Taking their cue from wall taggers, streetwalkers and creatures of the night, current Fabric Workshop and Museum artists-in-residence Pae White, Mark Bradford and Carlos Avendaño may all use the city differently, but they find common ground in the street.

Los Angeles-based White’s site-specific project “ Summer XX” (2012) traffics in mourning, memory and your ability to speak Spanish. Moved by the death of a mentor, White uses the cavernous space at the Fabric Workshop to transform some simple graffiti from a wall near her studio in L.A. into an epitaph writ large. Stretching the length of the wall, the phrase “HASTA LA MUERTE” forms the locus of a matrix of crimson yarn. Each woven letter stretches across a black wall, its tension held in perfect balance by hundreds of threads anchored to the opposite wall by small metal hooks. As you pass through the sculpture, your perspective shifts radically; strings align and diverge, cross and blur. The effect is emotionally stirring: a promise written in ligaments, a pact made in blood. “ Summer XX” offers us the visual schema for a tenuous connection to something almost out of reach: It thrums with life even as it points toward death.

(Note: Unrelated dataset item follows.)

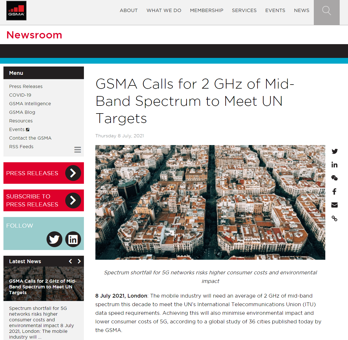 2023 年世界无线电通信大会将是全球移动产业对齐中频解决方案政策的关键机会。该频谱的开放将确保移动运营商能够实现 ITU 制定的目标,以满足未来消费者和企业业务的需求,即下载速度和上传速度分别达到 100Mbps 和 50Mbps。
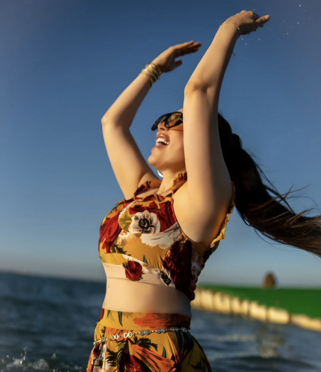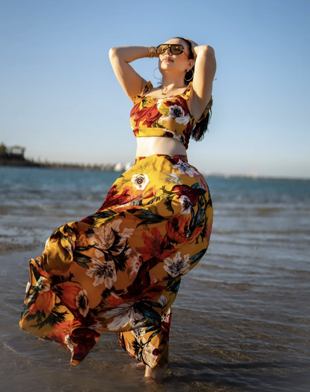 وظهرت عبير صبري في الصور التي يرصدها موقع تحيا مصر بفستان مزهر بألوان زاهية يغلب عليه الأصفر والأحمر، بتصميم يعكس أجواء الصيف المبهجة، نسقته مع نظارة شمسية كبيرة وحلقات ذهبية، ما أضفى على إطلالتها لمسة من الأناقة والأنوثة.

Where White’s sculpture envelopes the viewer, Los-Angeles based artist Mark Bradford’s large-scale wall installation, “Geppetto” (2012), sits coolly at a distance. Two thousand newsprint pages have been pasted flat on the wall. Their charcoal tones combine to create the illusion of a slate that seems less optimistically blank than grimly evacuated of content. Bradford’s titular nod to the penniless woodcarver who created Pinocchio is mystifying. (The fact that there’s something wooden about the piece seems not to be the connection Bradford hoped to make). As he so often does, Bradford has arranged the sheets here layer upon layer, but Geppetto lacks the toothy texture of his previous paintings. The sheer scale of the pattern dwarfs any subtle gradation of tone on any individual page; the newsprint roundly resists three-dimensionality, even if it seems to be precisely what it needs. If Bradford—like Geppetto—might be considered a master craftsman when it comes to handling the mixed-media materials with which he often works, then he seems to flounder in the papery thin world newsprint in “Geppetto.”

The best thing about Bradford’s exhibition turns out not to be part of the show at all. “2 Videos,” a video collaboration between Bradford and Philadelphia-based Carlos Avendaño, was originally conceived as a separate exhibition for the Fabric Workshop’s New Temporary Contemporary space next door but was relocated to the same floor as Bradford’s “Geppetto” due to remodeling. This is a lucky strike. The videos serve to activate the otherwise impassive “Geppetto,” establishing the newsprint pages as so many gray squares of pavement on the street, and then taking us for a walk. Bradford’s “Niagara” (2005) shows the back of a young man in a white tank and yellow shorts walking jauntily away from the camera. As he recedes, his body takes up less of the screen and we see more of his surroundings: a chain-link fence to the left, a busy street to the right, cracked pavement and litter underfoot. The block may be gritty, but the man in the yellow shorts treats it like a catwalk; as he struts his stuff, we’re drawn to follow him down the street.

Avendaño’s “Brenda” (2012) offers a more glamorous take on urban exhibitionism. Taped in 1998 during a Halloween street bash on Santa Monica Boulevard, Avendaño’s slow-motion black-and-white footage of drag queens unfolds with the voluptuous vamp of old Hollywood. Familiar tropes of seduction are on shameless display: batting eyelashes, glistening lips and exotic furs. George Gershwin’s “Rhapsody in Blue” heightens the schmaltz, but also the magic.

Avendaño’s flirtatious drag queen, Bradford’s departing flâneur and White’s promise to endure until death join together to form a melancholic chorus: “Come hither,” they seems to implore us, “come back, never leave.”

Through late summer. The Fabric Workshop and Museum, 1214 Arch St. 215.561.888.